The woman recovered well and was discharged home on Day 10 postpartum. At the time of writing, she had not experienced any further complications.
DISCUSSION
Wound infection after Caesarean section occurs in 9.6% of women [1] Increased BMI [2], smoking and emergency surgery have been associated with increased rates of wound infection [3]. There is an ongoing debate as to whether skin closure with subcuticular sutures is superior to staples in reducing infections [4, 5].
Pfannenstiel wound dehiscence resulting in bowel herniation is exceedingly uncommon. In a retrospective study of 300 women who underwent gynaecological surgery, the incidence of incisional hernias after Pfannenstiel incision alone was zero [3]. In women undergoing Caesarean section, the rarity of herniation may also be due to the fact that the recently gravid uterus sits under the wound, shielding the bowel from the incision site.
In this woman's case, the recurrence of dehiscence, despite prophylactic antibiotics following her second LSCS, suggests that her comorbid HS was a contributing factor to her wound complications.
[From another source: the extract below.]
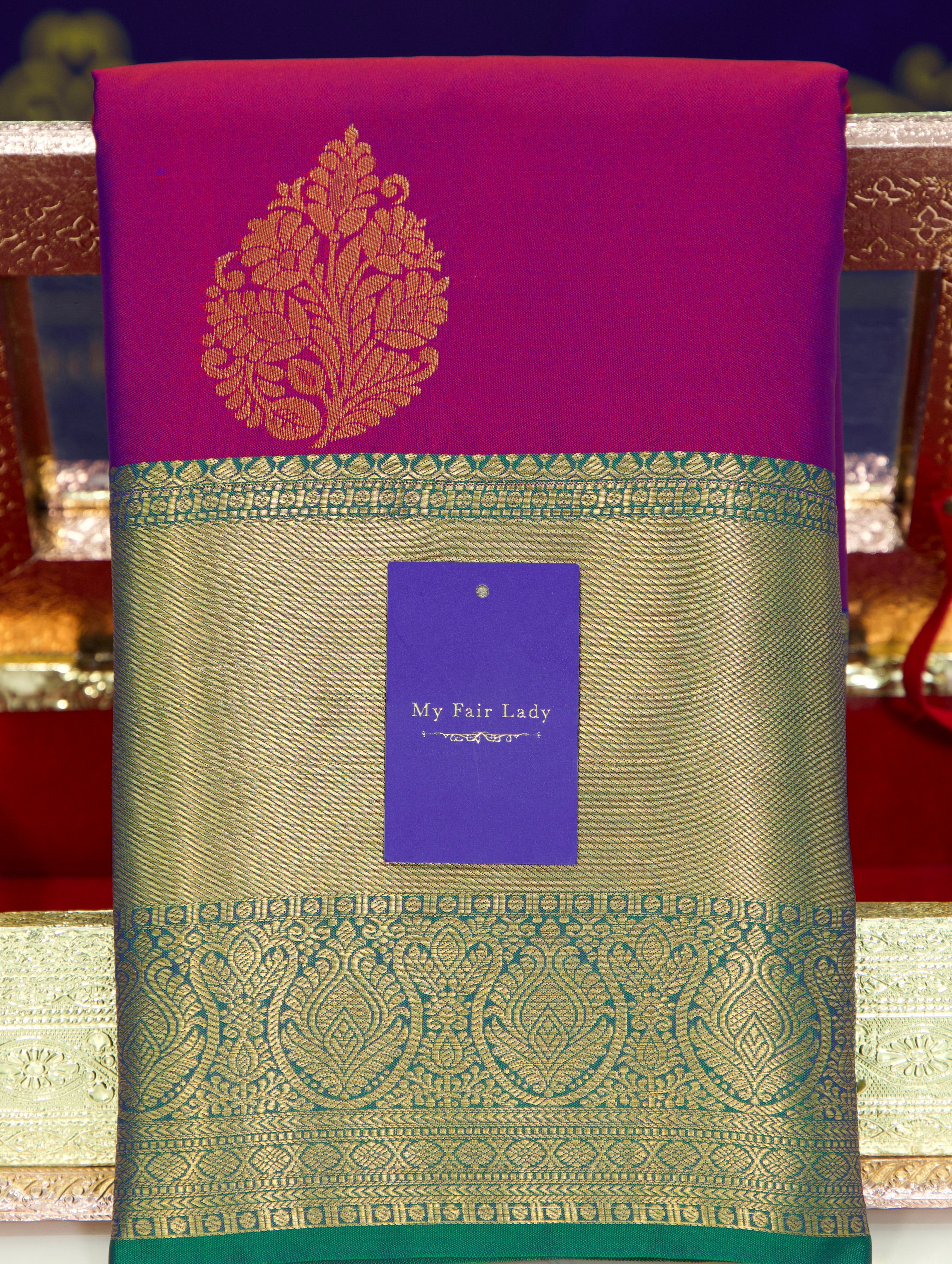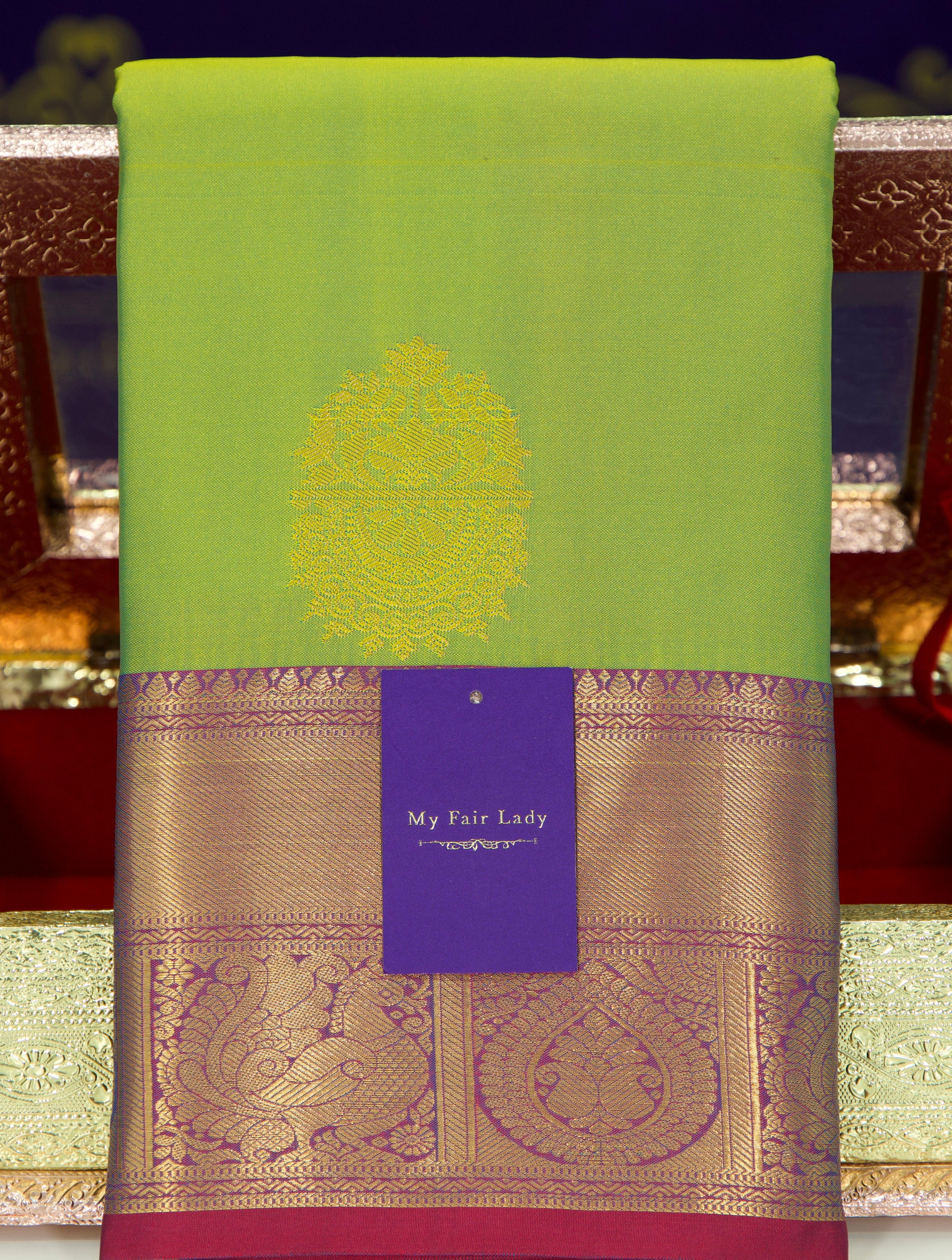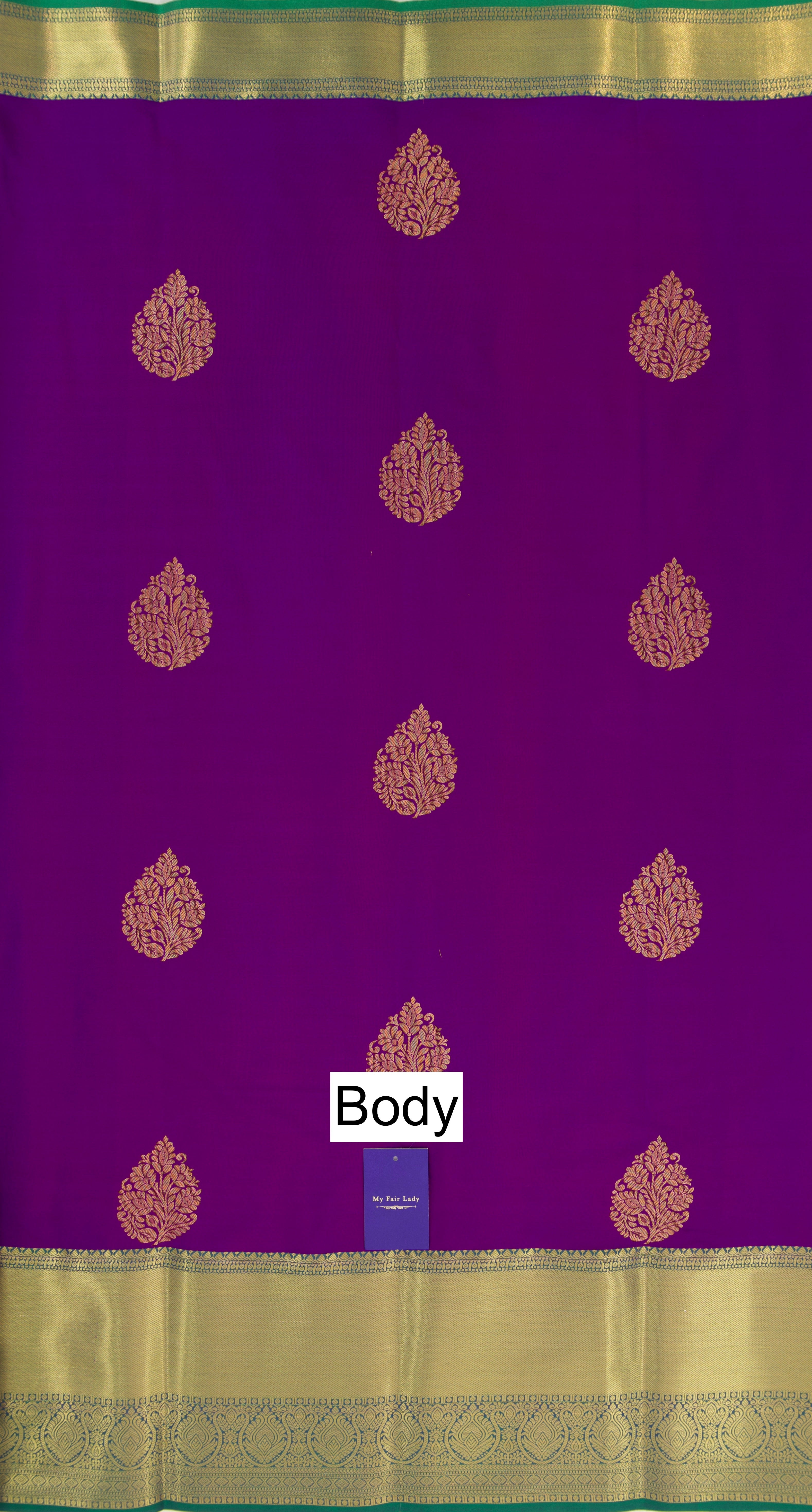 Premium Butta Semi-Silk Saree Green X Purple Colour - [Code 960]

HS is a debilitating, chronic suppurative condition that affects 1% of the population, with a 3:1 female preponderance. The hallmark features are recurrent suppurative abscess and sinus formation in the inguino-perineal region. It has a predilection for areas where apocrine sweat glands occur and has been observed on submammary skin and in the axillary, gluteal and periumbilical regions. The exact pathology is unknown; however, blockage of sweat glands and hyperkeratosis of the epithelium have been observed in histological specimens. Secondary infection with skin commensals may occur due to suppuration. Treatment ranges from topical or oral antibiotics, anti-androgens, smoking cessation and weight loss (for mild disease) to oral retinoids, immunosuppressants and wide local excision (for severe cases) [6].
Wound dehiscence and/or infection after surgical excision of HS lesions is common, particularly in the perianal, perineal and gluteal regions [7]. However, HS has not been described on the lower abdomen where a Pfannenstiel incision would be made. Additionally, a search of the literature combining the terms ‘hidradenitis suppurativa’ and ‘Caesarean section’ or ‘Pfannenstiel’ yielded zero articles [8]. Despite the lack of precedence in the literature, it may not be unreasonable to conclude that HS contributed to this woman's wound complications following Caesarean section.
The prolonged wound healing, suppuration and wound dehiscence experienced following her first LSCS, combined with the recurrence of dehiscence despite prophylactic antibiotics following her second LSCS makes this woman's case very unusual. Although the woman's high BMI and cigarette smoking were risk factors for wound dehiscence, the recurrence also suggests that, despite lack of precedence in the literature, HS was a contributing factor in this woman's wound complications.